*** Begin section ***

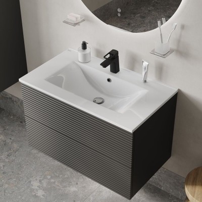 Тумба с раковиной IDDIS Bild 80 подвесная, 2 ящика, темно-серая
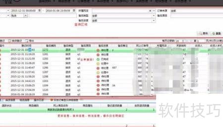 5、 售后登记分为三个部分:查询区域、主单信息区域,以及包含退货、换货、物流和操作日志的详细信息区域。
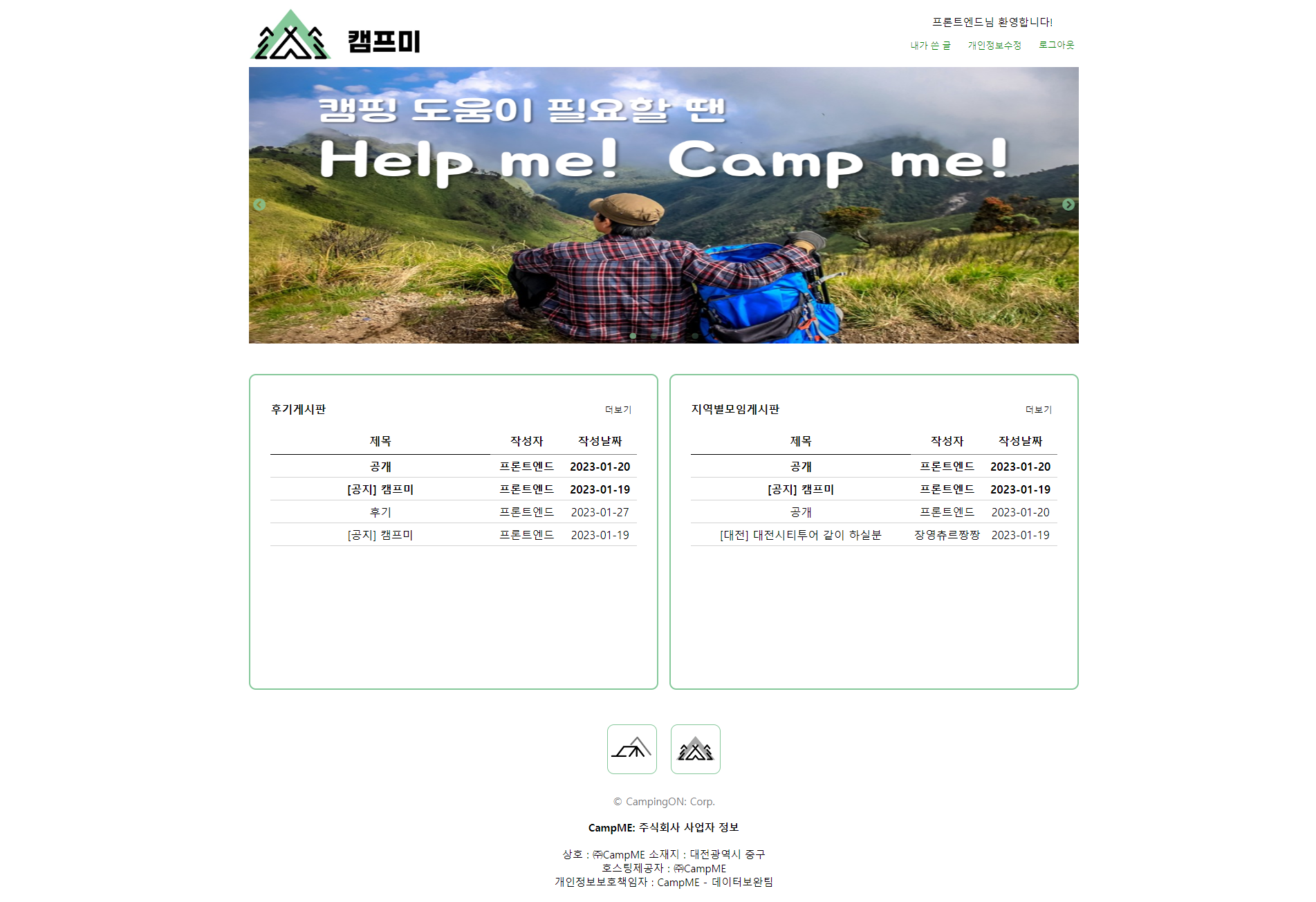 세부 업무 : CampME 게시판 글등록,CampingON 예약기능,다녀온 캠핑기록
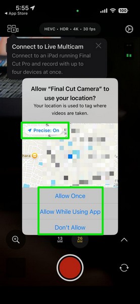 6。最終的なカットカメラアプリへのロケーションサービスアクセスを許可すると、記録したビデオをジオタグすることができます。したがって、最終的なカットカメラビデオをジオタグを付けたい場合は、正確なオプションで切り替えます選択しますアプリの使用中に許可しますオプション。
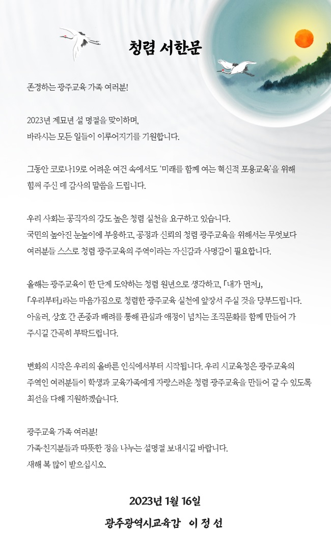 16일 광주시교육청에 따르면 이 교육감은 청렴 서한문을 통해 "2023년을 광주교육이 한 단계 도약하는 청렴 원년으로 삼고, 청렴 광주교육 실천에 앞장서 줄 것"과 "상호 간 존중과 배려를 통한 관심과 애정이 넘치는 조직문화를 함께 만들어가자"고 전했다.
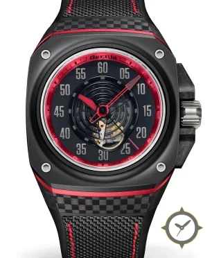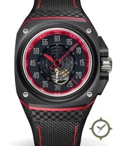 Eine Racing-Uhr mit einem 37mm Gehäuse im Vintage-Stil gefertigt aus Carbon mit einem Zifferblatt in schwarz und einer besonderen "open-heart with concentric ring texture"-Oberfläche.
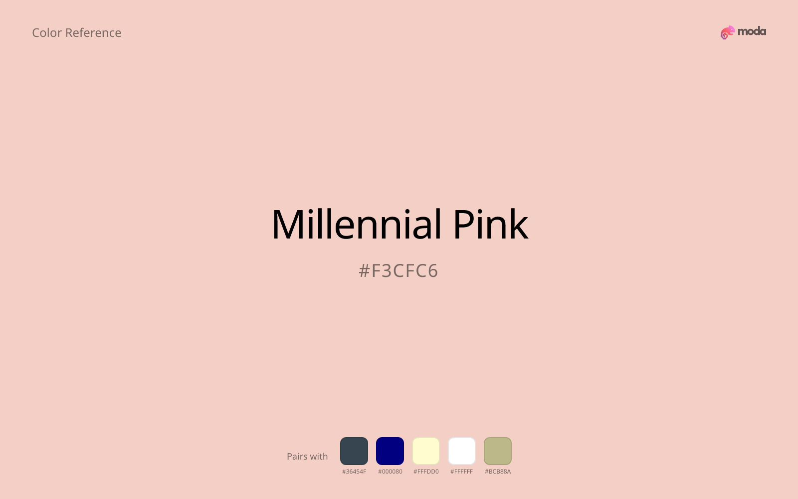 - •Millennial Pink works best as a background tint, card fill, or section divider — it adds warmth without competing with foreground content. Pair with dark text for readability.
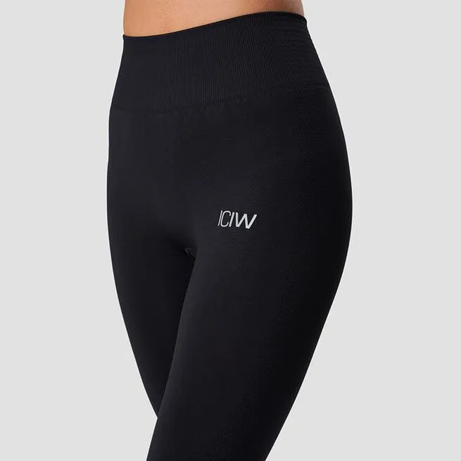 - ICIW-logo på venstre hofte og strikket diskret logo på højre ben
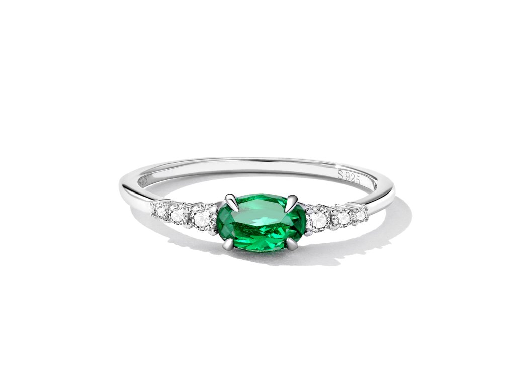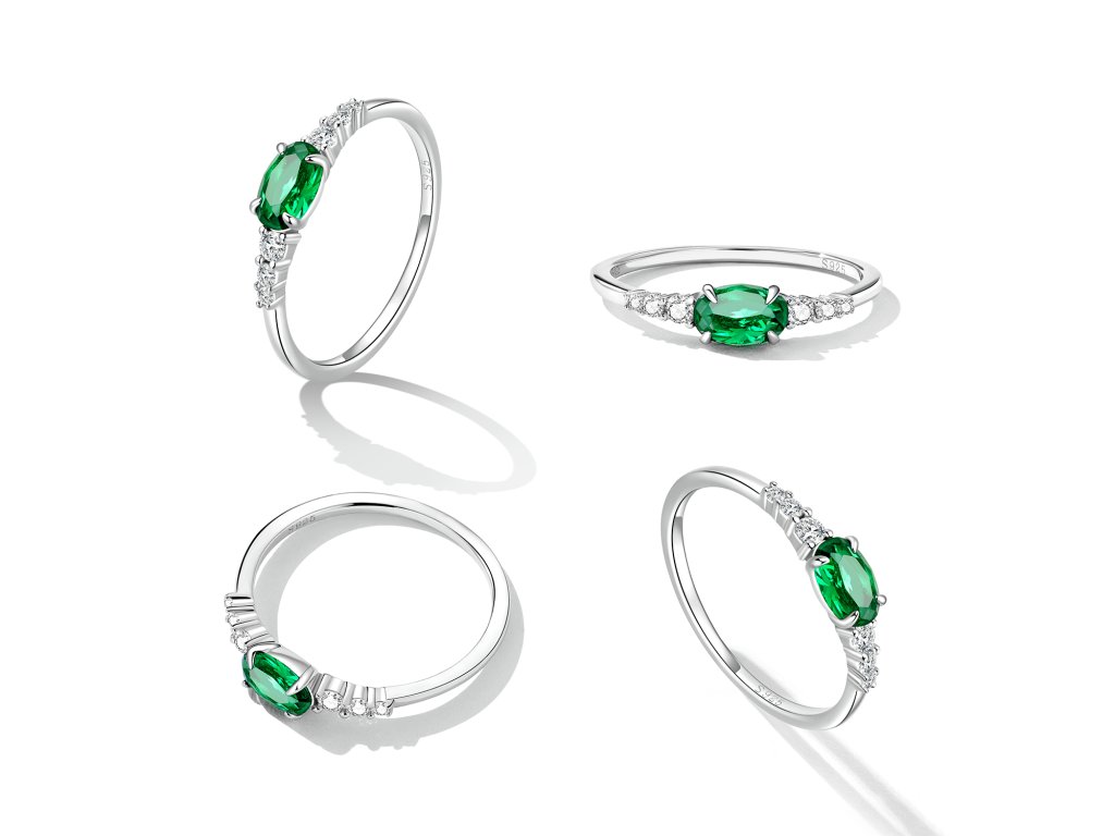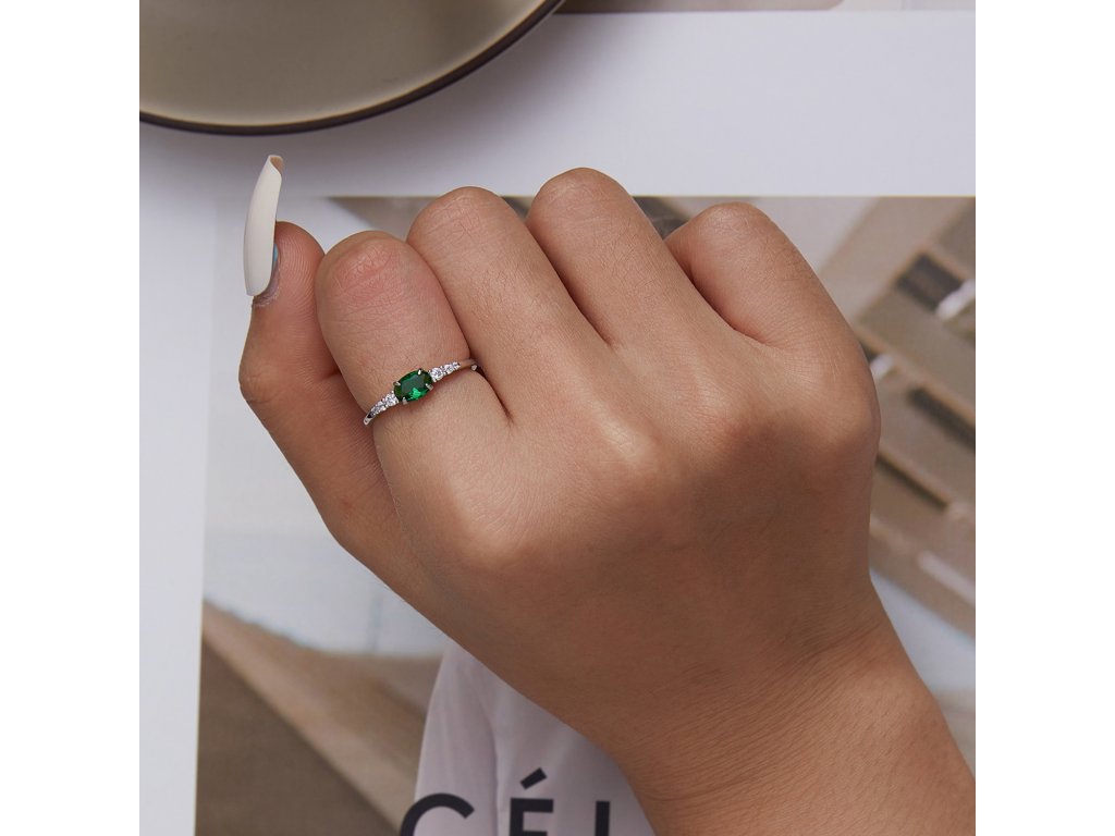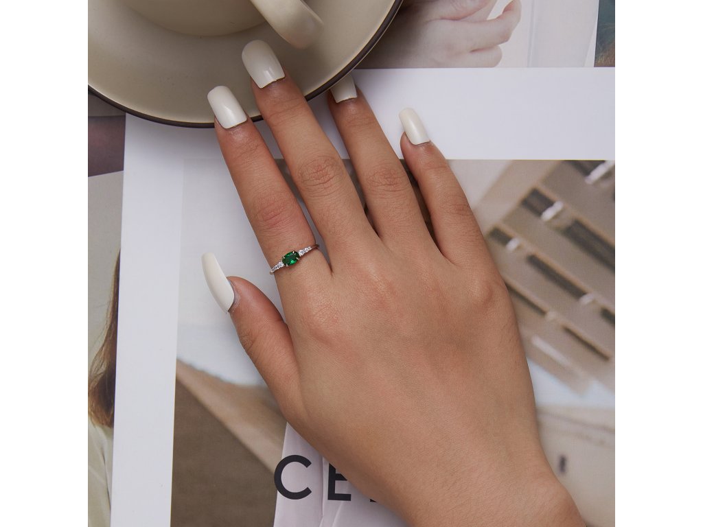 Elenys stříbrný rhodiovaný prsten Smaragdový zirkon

*** End section ***

§ **AIM OF THE TASK**: Return word for word the lines of the listing above, starting at the line with "세부 업무 : CampME" and ending at the line with "6。最終的なカットカメラアプ", both included. Pictures do not belong in the copy.

§ **EXERCISE OUTPUT**:
 세부 업무 : CampME 게시판 글등록,CampingON 예약기능,다녀온 캠핑기록
 6。最終的なカットカメラアプリへのロケーションサービスアクセスを許可すると、記録したビデオをジオタグすることができます。したがって、最終的なカットカメラビデオをジオタグを付けたい場合は、正確なオプションで切り替えます選択しますアプリの使用中に許可しますオプション。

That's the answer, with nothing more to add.